What is expected:
Set down each line of the data exactly, but not the pictures.

Source data:
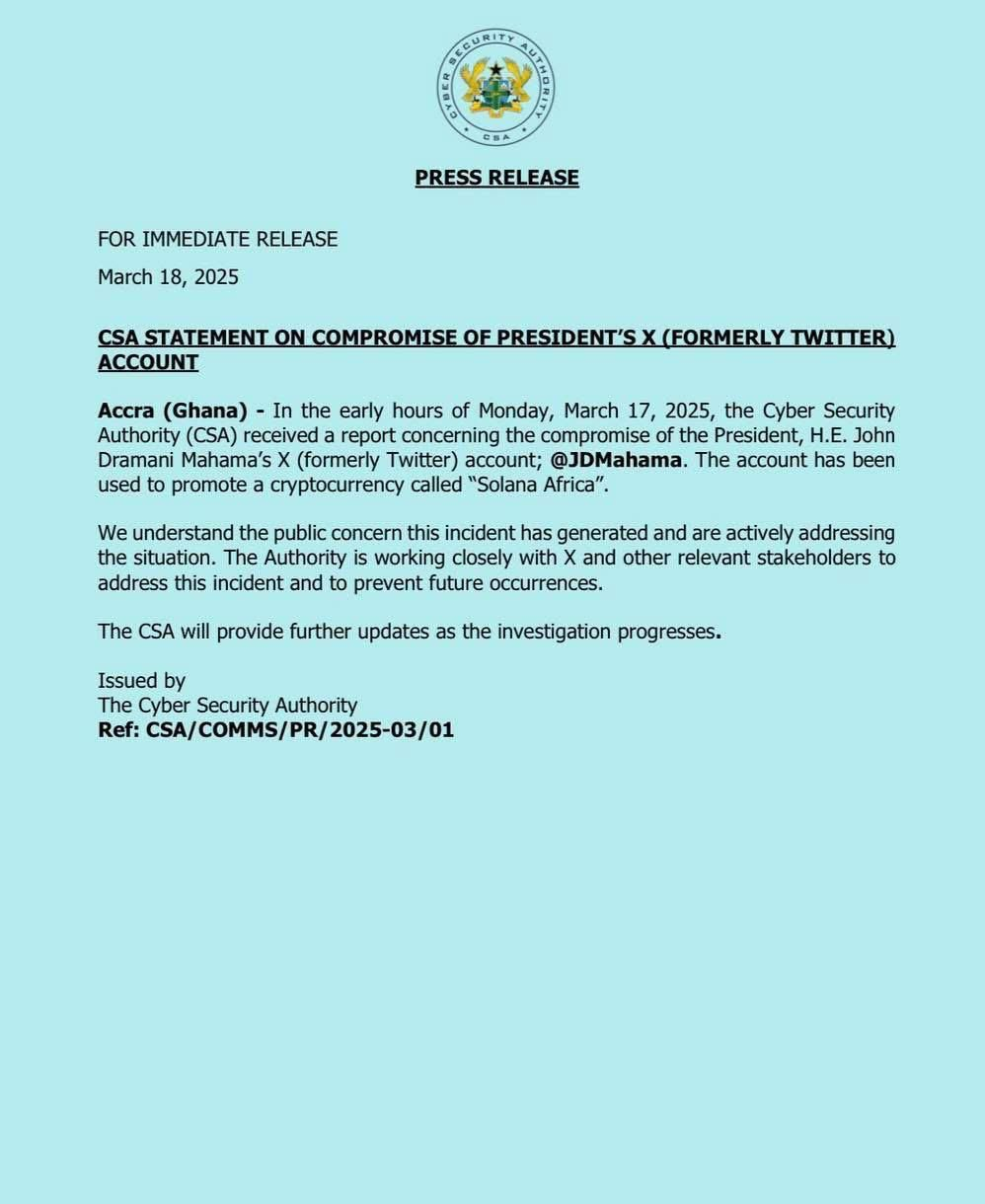 The Cyber Security Authority (CSA) claims that President John Dramani Mahama's official X account has been compromised.
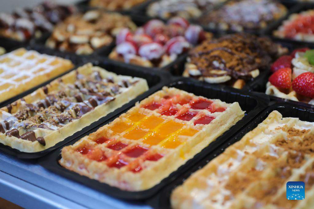 The Belgian waffle is seen at a food shop in central Brussels, Belgium, Sept. 10, 2021. (Xinhua/Zheng Huansong)
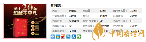 類型 :烤煙型 焦油量 :11mg 煙氣煙堿量 :1.1mg 一氧化碳量 :11mg
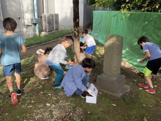「集めて、ならべてマイコレクション」では、秋の木の実や色づいた葉などを見つけてきて、箱の中に並べました。
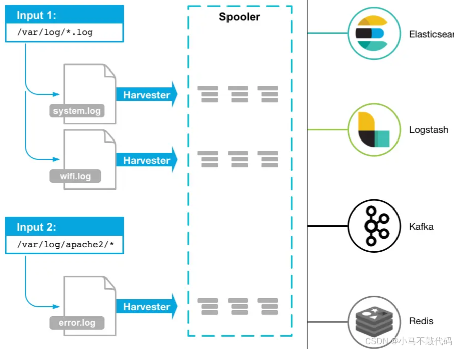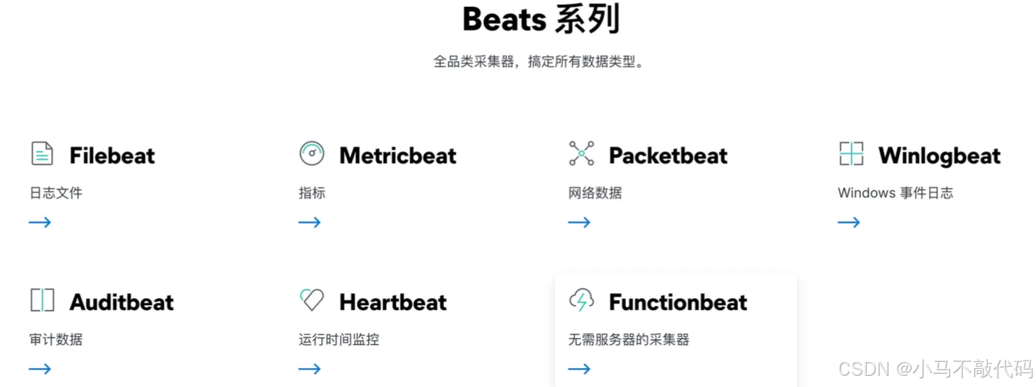 Elastic 其实提供了多个 Beat 来采集各种各样的日志、信息数据,我们把这些 Beats 称为 Beats 系列。官网上 Beats 系列现在包括以下几个:
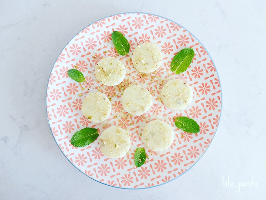 Los bombones los servimos en un plato, espolvoreamos un poco de frutos secos picados y decoramos con unas hojas de menta.
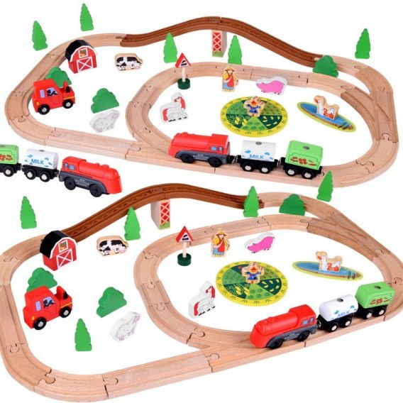 Zestaw składa się z 50 elementów, z których można złożyć tory dla pociągu z wagonami. Zestaw wykonany z wysokiej jakości drewna w atrakcyjnych kolorach i wzorach. Drewniane zabawki zostały pokryte bezpieczną farbą, tory są w naturalnym kolorze. Elementy toru są drewniane z wyjątkiem wiaduktu, który wykonany jest z tworzywa sztucznego. Lokomotywa na baterie (zasilana baterią 1,5 V AAA- brak w zestawie) płynnie porusza się po torach, w trakcie jazdy świeci świtałem, dostarczając niezapomnianych wrażeń i rozwijając wyobraźnię dziecka.
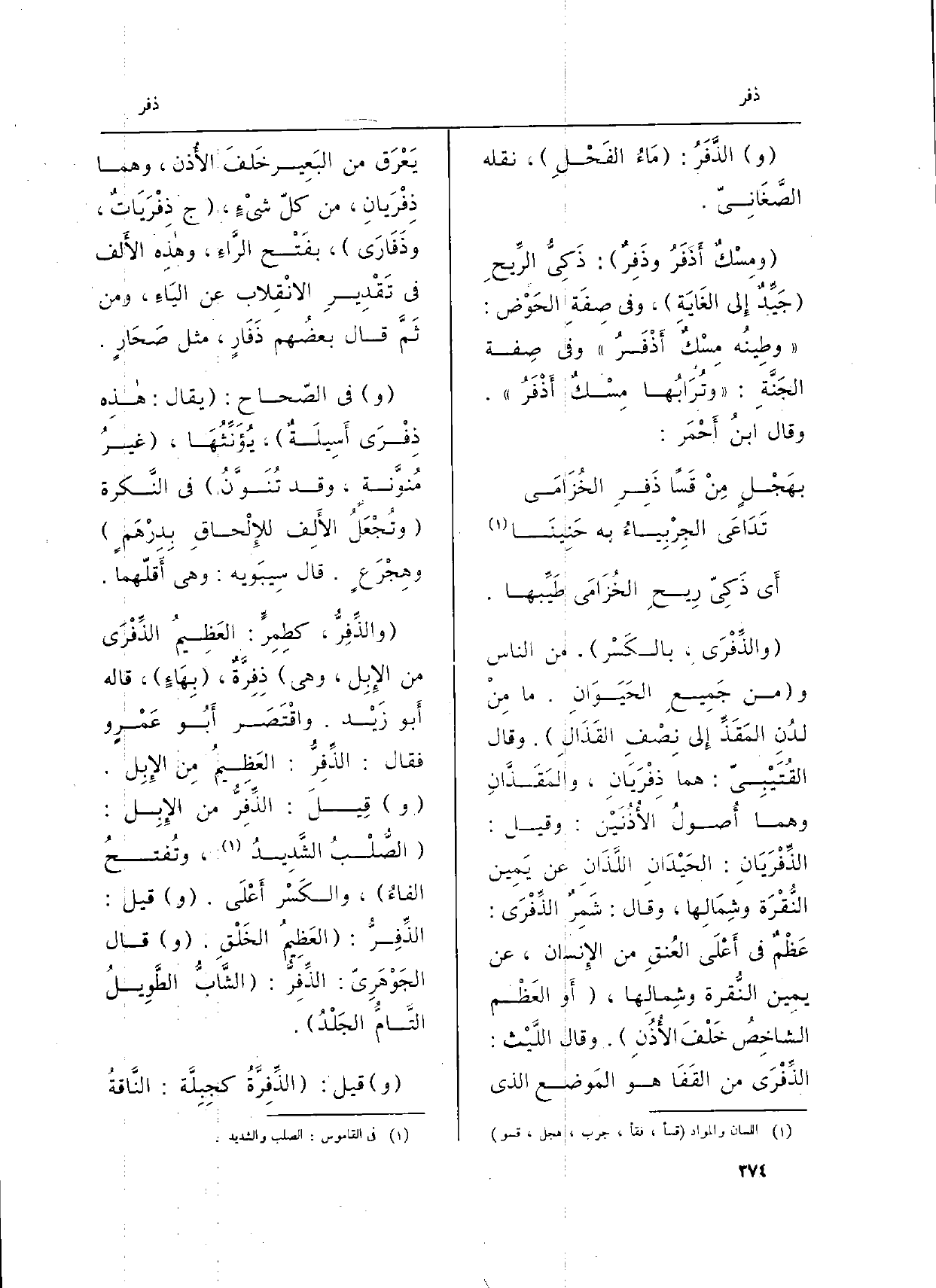 (والذِّفِرُّ، كطِمِرَ: العَظِيمُ الذِّفْرَى من الإِبِل، وَهِي) ذِفِرَّةٌ، (بِهَاءٍ) ، قَالَه أَبو زَيْد. واقْترَ أَبُو عَمْرٍ وفقال: الذِّفِرُّ: العَظِيمُ مِن الإِبِل. (و) قِيلَ: الذِّفِرُّ من الإِبِل: (الصُّلْبُ الشَّدِيدُ، وتُفتحُ الفاءُ) ، والكَسْر أَعْلَى. (و) قيل: الذِّفِرُّ: (العَظِيمُ الخَلْقِ) . (و) قَالَ الجَوْهَرِيّ: الذِّفِرُّ: (الشَّابُّ الطَّوِيلُ التَّامُّ الجَلْدُ) .
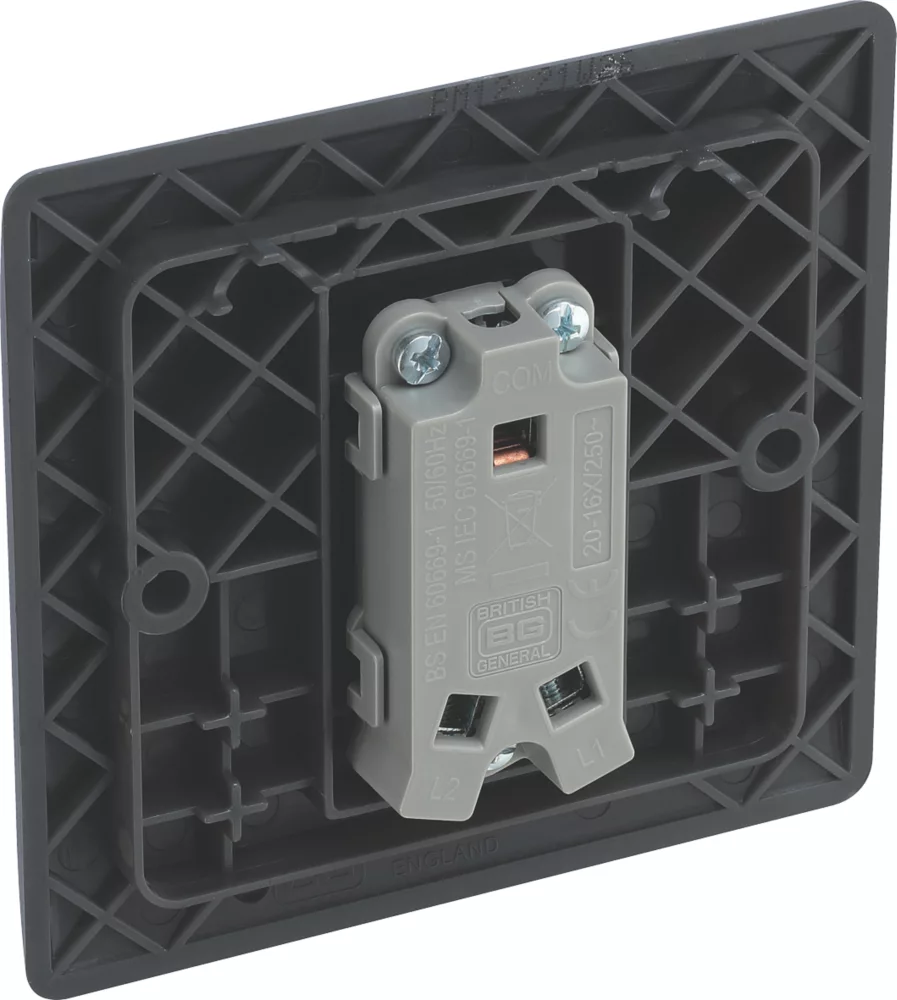 British General Nexus Metal 5A 1-Gang Unswitched Round Pin Socket Black Nickel With Black Inserts
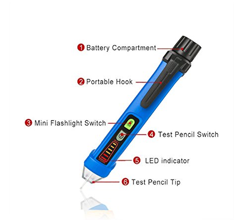 Using the ABS and PVC material,ac volt detector can stand wear and tear, and its pocket clip allows easy handling. Auto power-off feature conserves energy while the LED torch allows operation even on dark corners.

Answer to this exercise:
 The Cyber Security Authority (CSA) claims that President John Dramani Mahama's official X account has been compromised.
 The Belgian waffle is seen at a food shop in central Brussels, Belgium, Sept. 10, 2021. (Xinhua/Zheng Huansong)
 類型 :烤煙型 焦油量 :11mg 煙氣煙堿量 :1.1mg 一氧化碳量 :11mg
「集めて、ならべてマイコレクション」では、秋の木の実や色づいた葉などを見つけてきて、箱の中に並べました。
 Elastic 其实提供了多个 Beat 来采集各种各样的日志、信息数据,我们把这些 Beats 称为 Beats 系列。官网上 Beats 系列现在包括以下几个:
 Los bombones los servimos en un plato, espolvoreamos un poco de frutos secos picados y decoramos con unas hojas de menta.
 Zestaw składa się z 50 elementów, z których można złożyć tory dla pociągu z wagonami. Zestaw wykonany z wysokiej jakości drewna w atrakcyjnych kolorach i wzorach. Drewniane zabawki zostały pokryte bezpieczną farbą, tory są w naturalnym kolorze. Elementy toru są drewniane z wyjątkiem wiaduktu, który wykonany jest z tworzywa sztucznego. Lokomotywa na baterie (zasilana baterią 1,5 V AAA- brak w zestawie) płynnie porusza się po torach, w trakcie jazdy świeci świtałem, dostarczając niezapomnianych wrażeń i rozwijając wyobraźnię dziecka.
 (والذِّفِرُّ، كطِمِرَ: العَظِيمُ الذِّفْرَى من الإِبِل، وَهِي) ذِفِرَّةٌ، (بِهَاءٍ) ، قَالَه أَبو زَيْد. واقْترَ أَبُو عَمْرٍ وفقال: الذِّفِرُّ: العَظِيمُ مِن الإِبِل. (و) قِيلَ: الذِّفِرُّ من الإِبِل: (الصُّلْبُ الشَّدِيدُ، وتُفتحُ الفاءُ) ، والكَسْر أَعْلَى. (و) قيل: الذِّفِرُّ: (العَظِيمُ الخَلْقِ) . (و) قَالَ الجَوْهَرِيّ: الذِّفِرُّ: (الشَّابُّ الطَّوِيلُ التَّامُّ الجَلْدُ) .
 British General Nexus Metal 5A 1-Gang Unswitched Round Pin Socket Black Nickel With Black Inserts
 Using the ABS and PVC material,ac volt detector can stand wear and tear, and its pocket clip allows easy handling. Auto power-off feature conserves energy while the LED torch allows operation even on dark corners.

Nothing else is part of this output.